JH: Whitney, thank you for having me. I’ve kind of sat on the sidelines and am envious of what you’ve done with your podcast. So, it is an honor to be here and in front of your audience and whatnot. That first big scary step, you know, I still go back to that first property that we bought. And I sit down with my wife, and it was a $25,000 purchase. I’m sitting down with my fiancee at that time, now wife, and I’m like, what if we buy this? Excuse me, she was my wife at the time. Let me get that timeline straight. But we were sitting there. And I was like, what if we go bankrupt from this? You know, we’re living paycheck to paycheck. And it was just one of those things where we finally felt like we were taking the biggest plunge of our lives. At that time, it was. And it’s so funny, you mentioned those first scary steps. I think those first scary steps should always continue to happen. I kind of feel like maybe I’m addicted to them. I don’t know. I don’t know if I have a problem with that. But it’s almost like, I don’t want to compare myself to somebody who goes skydiving for the adrenaline rush. But it’s one of those things that I enjoy getting into that first step kind of scary thing with new ventures. And so that kind of leads me to the question you asked, our background.

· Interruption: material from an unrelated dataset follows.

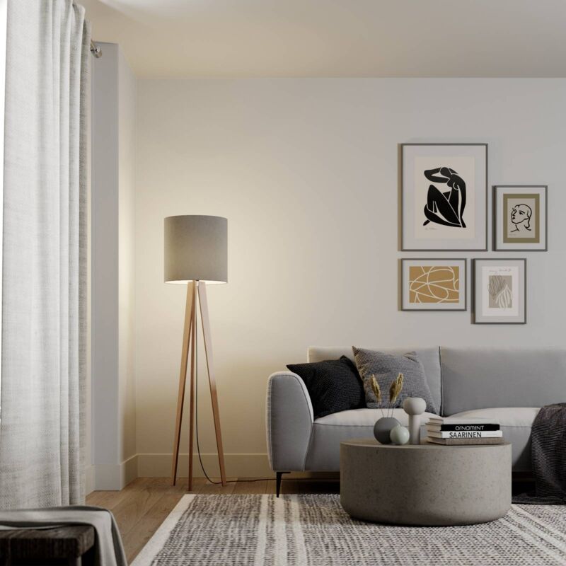 Lampada da pavimento in tessuto Nida con paralume grigio a forma cilindrica e struttura in legno naturale, un prodotto esclusivo di qualità made in Germany. Con la struttura a treppiede in legno e il paralume grigio a forma cilindrica, Nida esprime eleganza e modernità. Il paralume in feltro trattiene gran parte della luce, che si diffonde nell'ambiente principalmente dalle aperture in alto e in basso. Questa lampada da pavimento illumina l'ambiente con una luce calda che crea un'atmosfera invitante e accogliente. Una luce d'accento perfetta per qualche ora di relax in soggiorno. Il cavo di alimentazione della lampada è nero e l'interruttore di accensione è montato sul portalampada. Per la massima sicurezza, la superficie in feltro è rivestita con una pellicola B1 di materiale difficilmente infiammabile. La struttura a treppiede in legno naturale è in linea con le tendenze del momento e si ispira allo stile scandinavo, noto per i suoi elementi caldi e naturali. Nida è un prodotto di

We started in single-family, quickly moved to small multifamily. We had maybe three doors in our portfolio, and we GP our first syndication. From that, we’ve been an LP and joint venture. As of most recently, we’ve done some short-term rentals and started doing some note investing. So, the full gamut of investing. And that’s one of the things I love about real estate investing, you have so many different avenues you can go after, and so many things you can do. But when it comes down, if I look at our returns, so far, the multifamily deals that we’ve been a part of have provided the best returns. So I don’t know why I’m drifting away from that other than just my own curiosity.

WS: You know, help us though, to break through that first step, Jay. It is so important, would you elaborate on how you and your spouse are on the same page moving forward and making this kind of investment? It’s so crucial if you plan to continue, no doubt about it. But help us break through this scary first step. What do you see? You’re talking masterminding with a lot of guys and gals who are and maybe, they’re struggling to break through or maybe syndicate that first deal or you know, even maybe they’re trying to buy the first single-family rental or whatever it may be. What are some of those simple steps here or questions you ask them to help them get started?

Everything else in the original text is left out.